The last month has treated Republic of Congo’s President Denis Sassou Nguesso kindly. His debt-stressed administration has struggled to cope with the impact of lower oil prices – only this year has the International Monetary Fund (IMF) seen early signs of stabilisation after a deep recession since 2015 – and criticism of poor governance. Brazzaville had run out of money to repay external debt – much of it contracted in pre-financing arrangements with China and Swiss oil trading houses – and had struggled to convince the IMF and other creditors it was sincere about meeting commitments to control its debt and spending (AE 386/17, 374/19). But since late April the government has agreed to reschedule some $2bn-3bn of Chinese debt, opened talks with oil trader creditors, received confirmation that the IMF is finalising a new three-year extended credit facility and welcomed African Development Bank president Akinwumi Adesina in Sassou’s booming home town of Oyo.
Brazzaville has promised to be more transparent in its deals, more rigorous in its governance and that a higher proportion of spending will go to health, education and uplifting the poor. The language is familiar for those who followed the debt crisis which led to Congo benefiting from the Heavily Indebted Poor Countries debt relief initiative in 2006. Brazzaville has retained the same debt advisers, Paris-based Lazard Frères and lawyers Cleary Gottlieb. Other old friends working on the dossier included former IMF managing director Dominique Strauss-Kahn and controversial oil trader and Sassou’s lead debt adviser Lucien Ebata.
The IMF board has scheduled 5 July to approve the new programme. The government is committed to giving the National Assembly reports detailing pre-financing contracts with state oil company Société Nationale des Pétroles du Congo (SNPC), ‘special agreements’ to finance infrastructure from oil revenues, and all Ministry of Public Works projects implemented in 2014-17. KPMG – which has been involved in previous transparency studies – has been doing new audits of oil deals.
Details of SNPC deals and infrastructure financing should give a much better view of Chinese financing. According to the Extractive Industries Transparency Initiative, China buys some 37% of its crude from Congo, paying revenues to the Export-Import Bank of China, which signed the debt deal in Brazzaville. Chinese involvement is a critical element in the global shift towards dealing with Brazzaville as Chinese lending has operated in parallel with the Bretton Woods system.
In Oyo on 12 May Adesina made major new AfDB commitments while expressing his “great confidence in [Sassou’s] leadership and the excellent work and efforts of the government”. The AfDB plans to substantially increase its development assistance, from $290m to $1.7bn, Adesina said.

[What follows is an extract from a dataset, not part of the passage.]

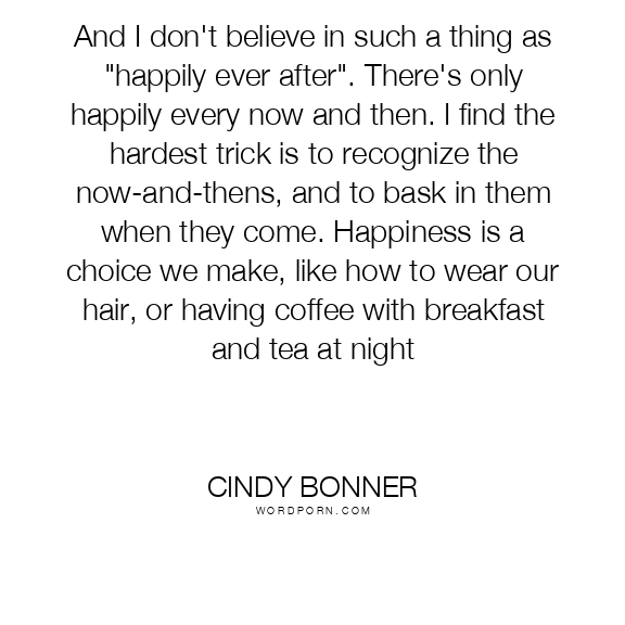 And I don't believe in such a thing as "happily ever after". There's only happily every now and then. I find the hardest trick is to recognize the now-and-thens, and to bask in them when they come. Happiness is a choice we make, like how to wear our hair, or having coffee with breakfast and tea at night
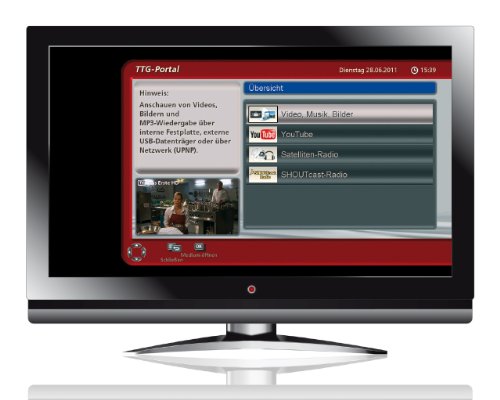 - Electronic Program Guide (EPG), HDTV Videotext, Internet-Medienangebote (ARD Mediathek, YouTube, u.a.), Internet-Radio (Shoutcast),

This spending hike falls within the framework of the recent AfDB commitment to invest $4.4bn in Central African infrastructure over the next seven years. Whether headline projects like the bridge linking Brazzaville to Kinshasa will be built is questionable, in countries with highly constrained absorptive capacity. Arguably the most critical deficit in Central Africa is that of governance, and while stability is essential to improve living standards and drive investment, it is legitimate to ask whether giving elites with long histories of corruption more money that help to keep them in power will have the long-term benefits desired.
Shortly after the welter of debt deal announcements, the Congo-B top team left for Moscow, where Sassou met President Vladimir Putin, SNPC discussed oil blocks and pipeline construction with Russian companies and defence minister Charles Richard Mondjo discussed a new package of arms imports.